• **AIM OF THE TASK**
Once the line with "Introducing our Custom" is found in the data, output it and each following line exactly, up to and including the line with "Mochila Escolar Stitch", and nothing before or after.
++++ DATA PROVIDED
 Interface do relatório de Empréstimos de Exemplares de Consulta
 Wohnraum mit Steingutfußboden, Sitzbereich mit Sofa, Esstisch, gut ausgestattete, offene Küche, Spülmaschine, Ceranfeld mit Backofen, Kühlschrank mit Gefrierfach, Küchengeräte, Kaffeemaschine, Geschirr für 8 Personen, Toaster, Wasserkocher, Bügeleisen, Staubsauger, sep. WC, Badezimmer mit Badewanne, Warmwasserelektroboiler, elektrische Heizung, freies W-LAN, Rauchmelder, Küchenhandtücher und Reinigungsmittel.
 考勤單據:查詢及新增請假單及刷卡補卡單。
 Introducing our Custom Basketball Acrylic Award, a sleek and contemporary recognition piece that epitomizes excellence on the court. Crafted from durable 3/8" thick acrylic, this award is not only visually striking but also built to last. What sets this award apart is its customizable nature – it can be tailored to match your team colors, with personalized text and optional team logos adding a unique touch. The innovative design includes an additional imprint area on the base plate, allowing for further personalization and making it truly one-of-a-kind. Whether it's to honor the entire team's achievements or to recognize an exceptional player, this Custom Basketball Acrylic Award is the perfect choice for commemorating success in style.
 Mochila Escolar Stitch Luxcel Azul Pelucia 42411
++++++++
++++ DATA PROVIDED
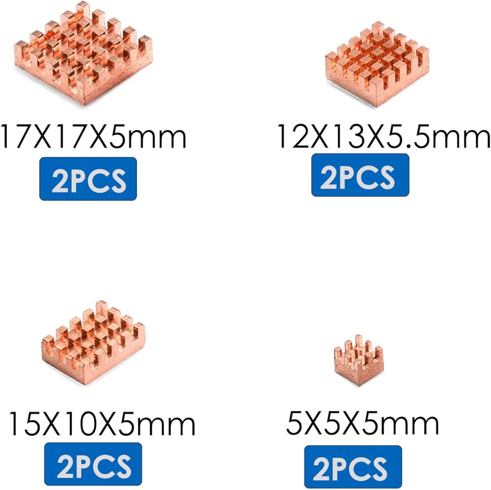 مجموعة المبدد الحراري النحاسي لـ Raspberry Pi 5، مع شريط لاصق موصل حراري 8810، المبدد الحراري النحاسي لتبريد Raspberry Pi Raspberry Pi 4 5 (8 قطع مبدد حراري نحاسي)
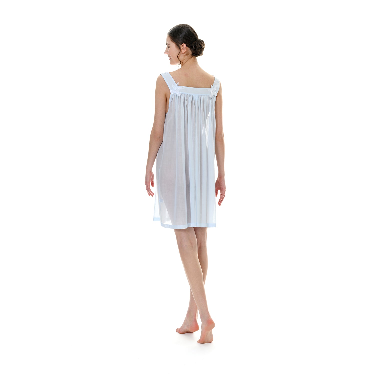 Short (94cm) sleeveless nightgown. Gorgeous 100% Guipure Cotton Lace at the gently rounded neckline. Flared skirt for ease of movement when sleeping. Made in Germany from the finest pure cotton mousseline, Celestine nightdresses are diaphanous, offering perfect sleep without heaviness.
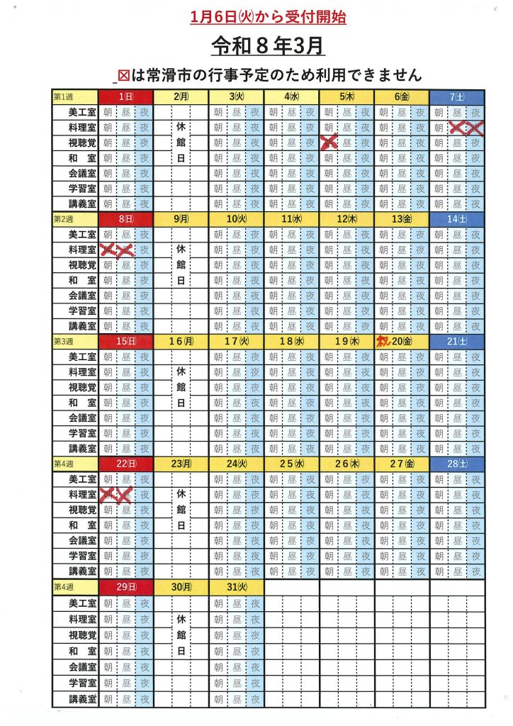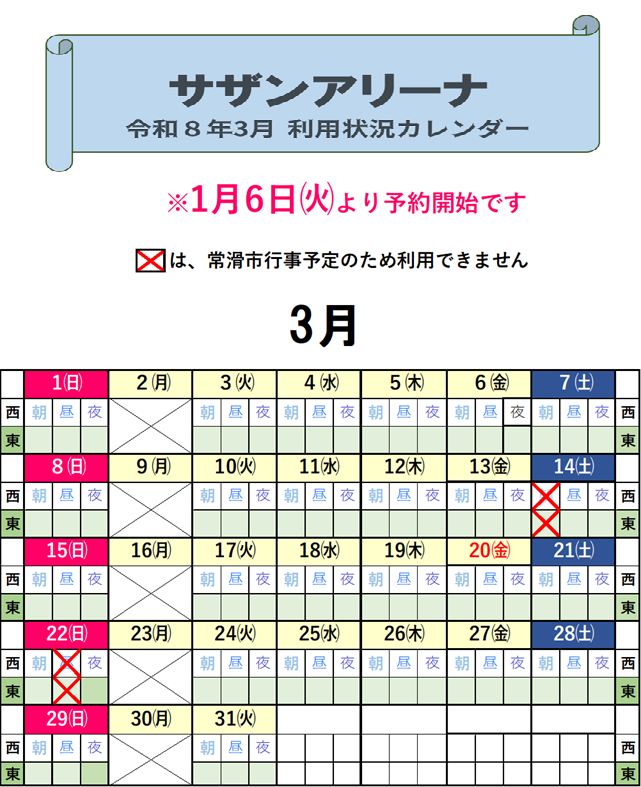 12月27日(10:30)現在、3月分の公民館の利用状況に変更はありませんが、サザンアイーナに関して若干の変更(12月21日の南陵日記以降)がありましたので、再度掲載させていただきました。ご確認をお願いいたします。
++++++++
• **SOLUTION**
 Introducing our Custom Basketball Acrylic Award, a sleek and contemporary recognition piece that epitomizes excellence on the court. Crafted from durable 3/8" thick acrylic, this award is not only visually striking but also built to last. What sets this award apart is its customizable nature – it can be tailored to match your team colors, with personalized text and optional team logos adding a unique touch. The innovative design includes an additional imprint area on the base plate, allowing for further personalization and making it truly one-of-a-kind. Whether it's to honor the entire team's achievements or to recognize an exceptional player, this Custom Basketball Acrylic Award is the perfect choice for commemorating success in style.
 Mochila Escolar Stitch Luxcel Azul Pelucia 42411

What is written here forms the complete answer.